何とかちゃんと喋れるようになってきた今日この頃。
朝食の席でルーカスさんが唐突に言った。
「いやー、そういえばシンの日用品を何も買ってなかったと思ってな。服もガロのお古ばかりじゃ嫌だろ?」
俺の服はガロが昔着てたやつをそのまま使わせてもらっている。
動きやすいし全く気にしたことはなかった。、
「いや、充分ですよ。特に不便してないですし。
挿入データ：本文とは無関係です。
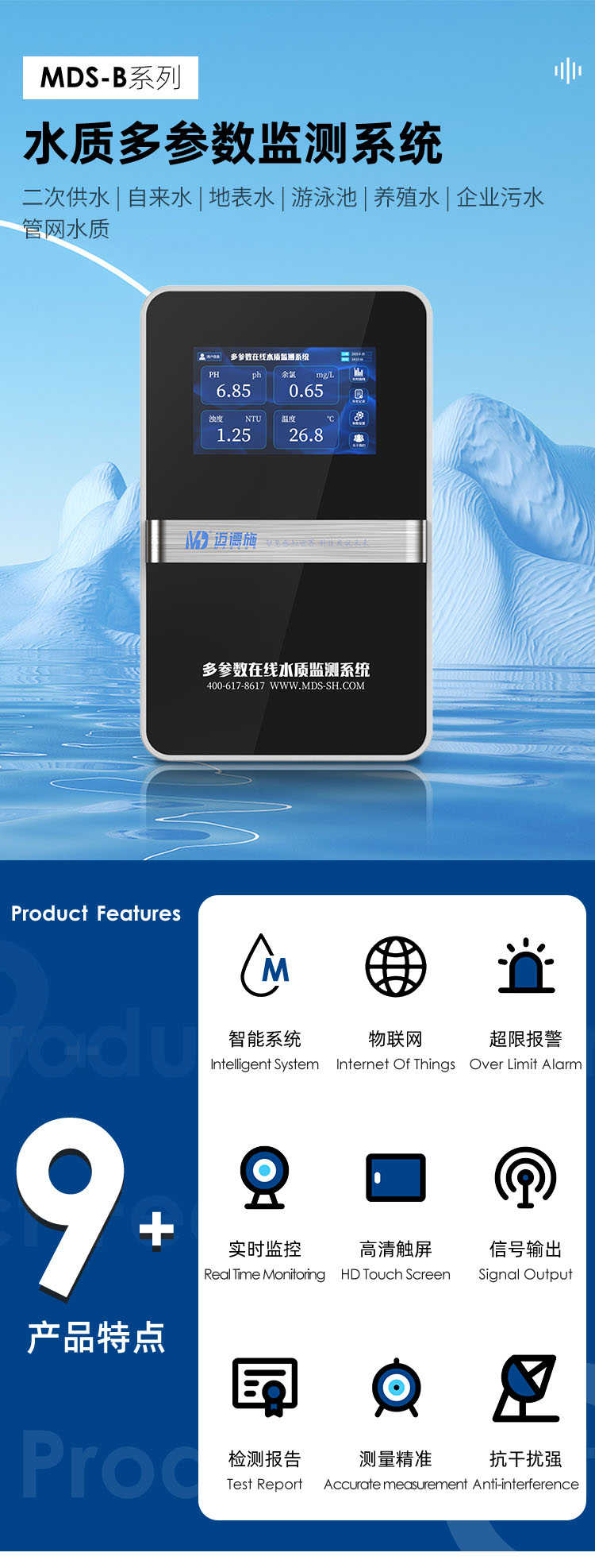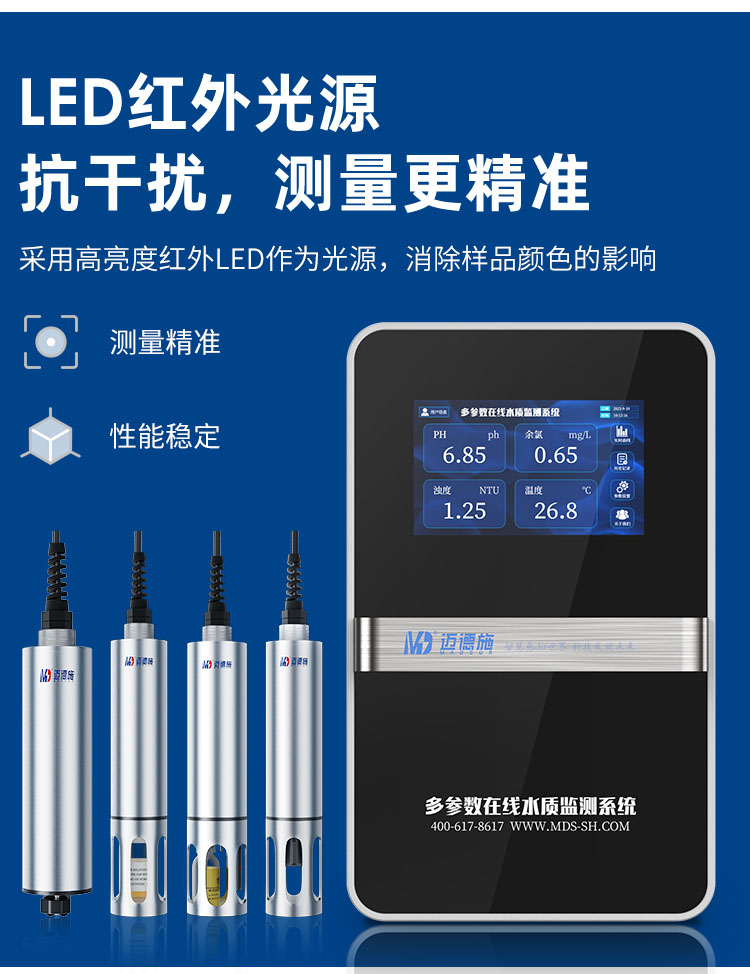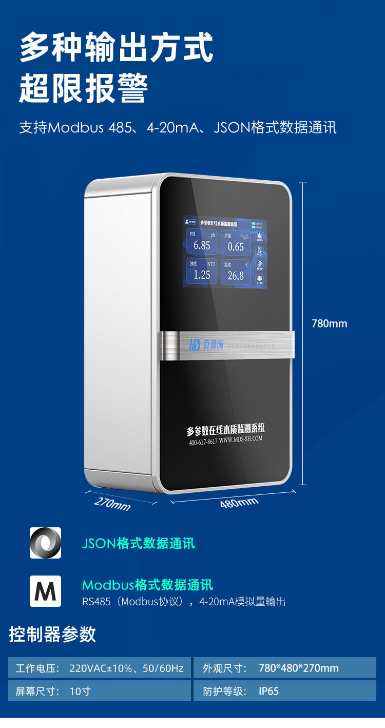 五参数在线分析仪由控制器、pH传感器、电导率传感器、溶解氧传感器、浊度传感器组成。控制器可同时接入4个传感器,同时有模拟量、数字量、开关量等多种输出接口。
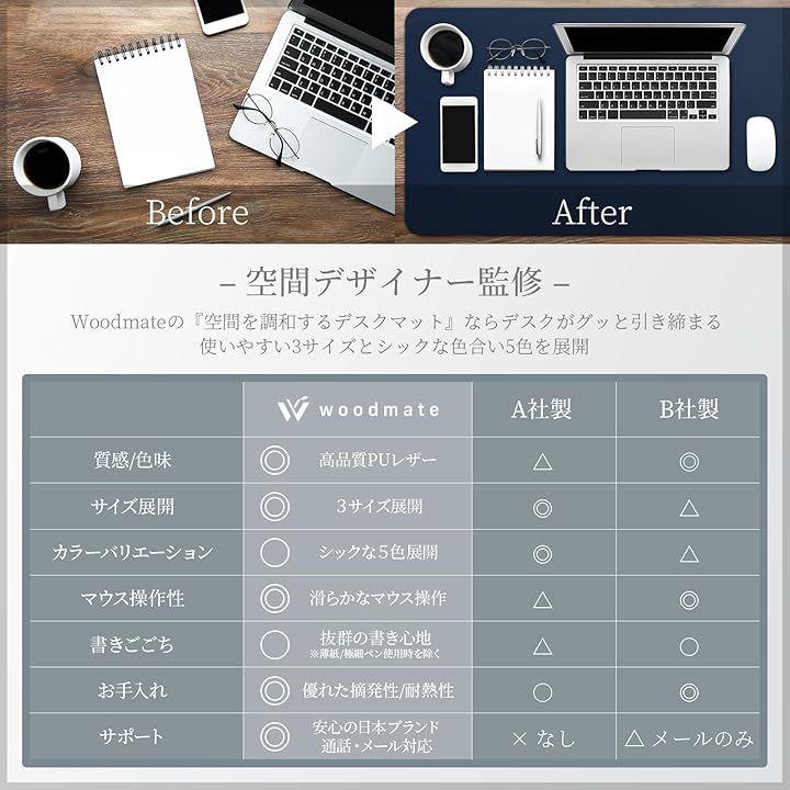 グリップ力:裏面は柔らかいコルク調でデスクを保護します。
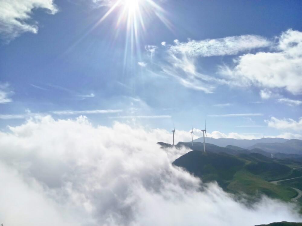 大娄山滑雪场海拔 1780 米,站在山顶,向远处眺望,缭绕的云雾在漂浮于群山之间,多了些许灵动之美。
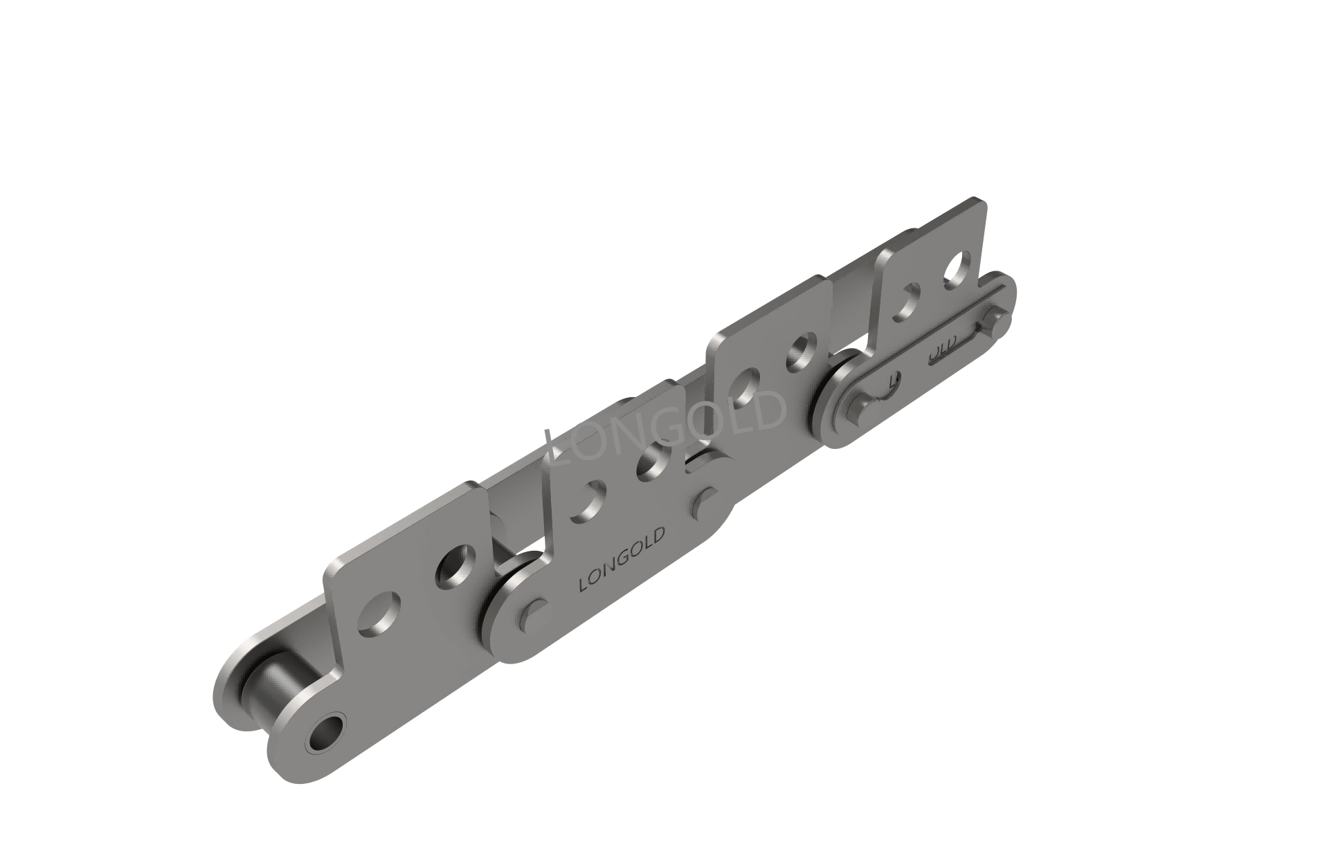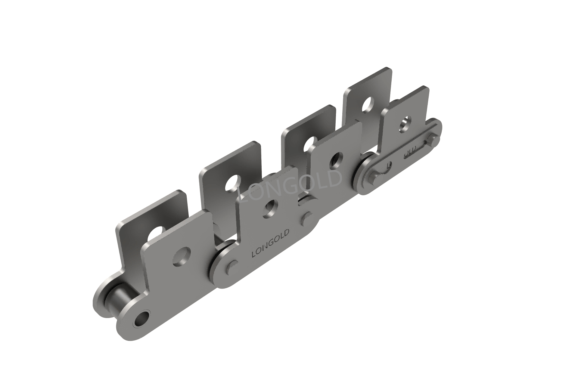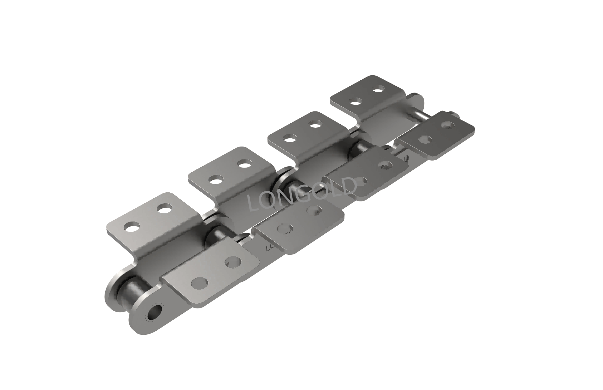 與短節(jié)距A系列滾?鏈條相?,鏈條節(jié)距增加1倍(稱為雙倍節(jié)距),鏈板形狀為直板形,鏈條的兩側(cè)帶有彎板附件,且附件上有一個(gè)螺孔的形式。依照J(rèn)IS,ISO和ASME標(biāo)準(zhǔn)。
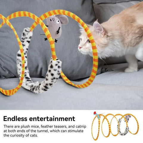 Cat Spring Toys Multifunctional Cat Tunnel Tube Large Foldable Cat Tube Tunnel With Feather Mouse Toys Cat Toy Springs Indoor
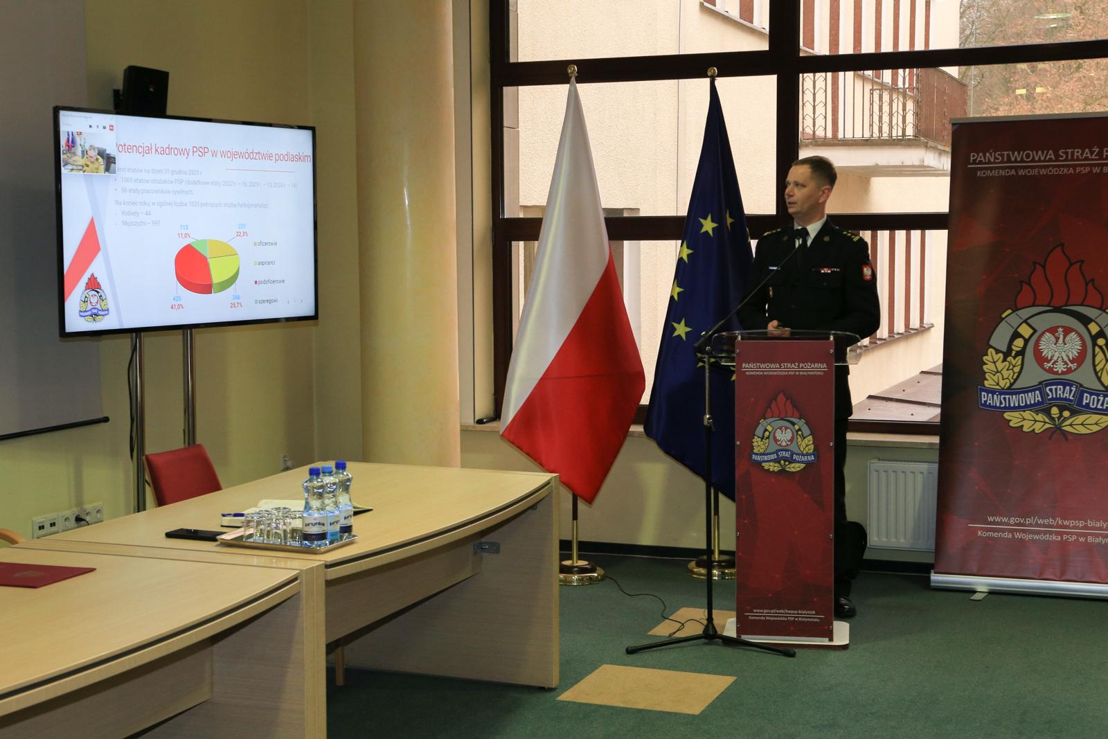 Zastępca komendanta głównego PSP podziękował podlaskim strażakom za zaangażowanie i poświęcenie w realizacji zadań służbowych oraz rozwój ochrony przeciwpożarowej na terenie ich województwa.
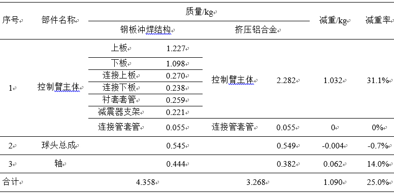 圖4:6種工況條件下的CAE應(yīng)力分析結(jié)果 2.4 產(chǎn)品設(shè)計(jì)總結(jié) 表 1為原有結(jié)構(gòu)與全新設(shè)計(jì)結(jié)構(gòu)部件質(zhì)量對(duì)比。通過采用集成控制臂鑄件取代了原有的上板,下板及連接上板等6個(gè)部件,并借用原有的連接套管。由表 1中的被替代的鋼制部件和集成鋁合金控制臂質(zhì)量數(shù)據(jù)可見,采用鋁合金集成鑄件后,質(zhì)量下降31%。球頭總成和軸借用了原有結(jié)構(gòu),但重新設(shè)計(jì)了連接部分的結(jié)構(gòu),并采用了螺栓連接方案。 原有設(shè)計(jì)結(jié)構(gòu)的總質(zhì)量為4.358 kg,全新設(shè)計(jì)結(jié)構(gòu)質(zhì)量為3.268 kg。可見通過應(yīng)用鋁合金金集成鑄件并借用部分原有結(jié)構(gòu)設(shè)計(jì)形成的鋼鋁混合結(jié)構(gòu)可以實(shí)現(xiàn)部件總成減重25%的效果,實(shí)現(xiàn)了預(yù)定的減重目標(biāo)。
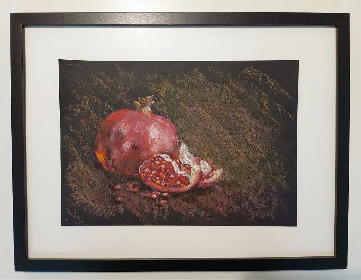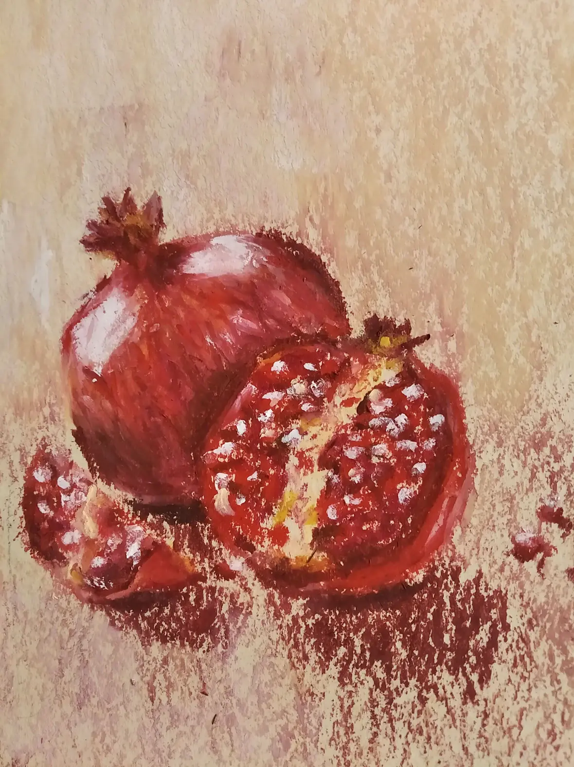 Первый гранатик нарисовала спонтанно, увидела картину с гранатами на золотом фоне и решила потестить свою золотую масляную пастель. В итоге и гранат нарисовался ) А второй недавний, тоже сама сделала зарисовку(пока, конечно, почти все с фото рисую)
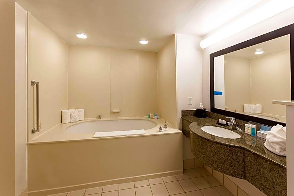 Whirlpool, 42-inch HDTV, whirlpool, free WiFi, coffeemaker Relax in this spacious Deluxe Room and enjoy a range of convenient features. Rejuvenate in the whirlpool or relax in front of the 42-inch HDTV. Stay on top of business at the desk and keep up-to-date with free WiFi. Experience a restful night in a king clean and fresh Hampton bed®. Savor a freshly brewed coffee from the coffeemaker. The bathroom includes a shower with a curved rod; allowing for more space. Pamper yourself with plush towels.

それに俺、一文無しですから行っても買えませんよ」
「金は出してやるさ」
「いや、悪いですよ」
衣食住、全て用意してもらってるのにお金まで出してもらうのは流石に…。
「お前、意外と頑固だよな。あー…んじゃ、オレの仕事手伝ってくれてるだろ? その報酬ってことで」
俺はあれからルーカスさんの鍛冶屋を手伝っている。
といっても倉庫を整理したり言われた材料を持ってきたりと簡単なことばかりだが。
「あれはただのお手伝いじゃないですか」
「手伝いだろうがどんなに簡単だろうが仕事は仕事だ。労働には報酬で応えるのが店主としての義務ってやつだ。ガロやリーラにだって手伝ってもらったときは小遣いだったり物だったり渡してんだ。断らせないぞ」
ここまで言われては断るのは返って失礼になってしまう。
「わかりました。ありがとうございます」
「よし! それじゃ準備したら隣街に行くぞ。ガロとリーラはどうする?」
「おれはいいやー」
「あたし行きたい! 街に行くの久し振りだもん!」
リーラがはしゃいだ。
『楽しいところなのですか?』
「うん! 美味しいものがいっぱいあって、後キラキラの服とかね、とにかくすごいのがたくさんあるの!!」
リーラが目を輝かせながらそう言った。
でも、異世界の街か…。
確かに楽しみだ。
どんな場所なんだろう?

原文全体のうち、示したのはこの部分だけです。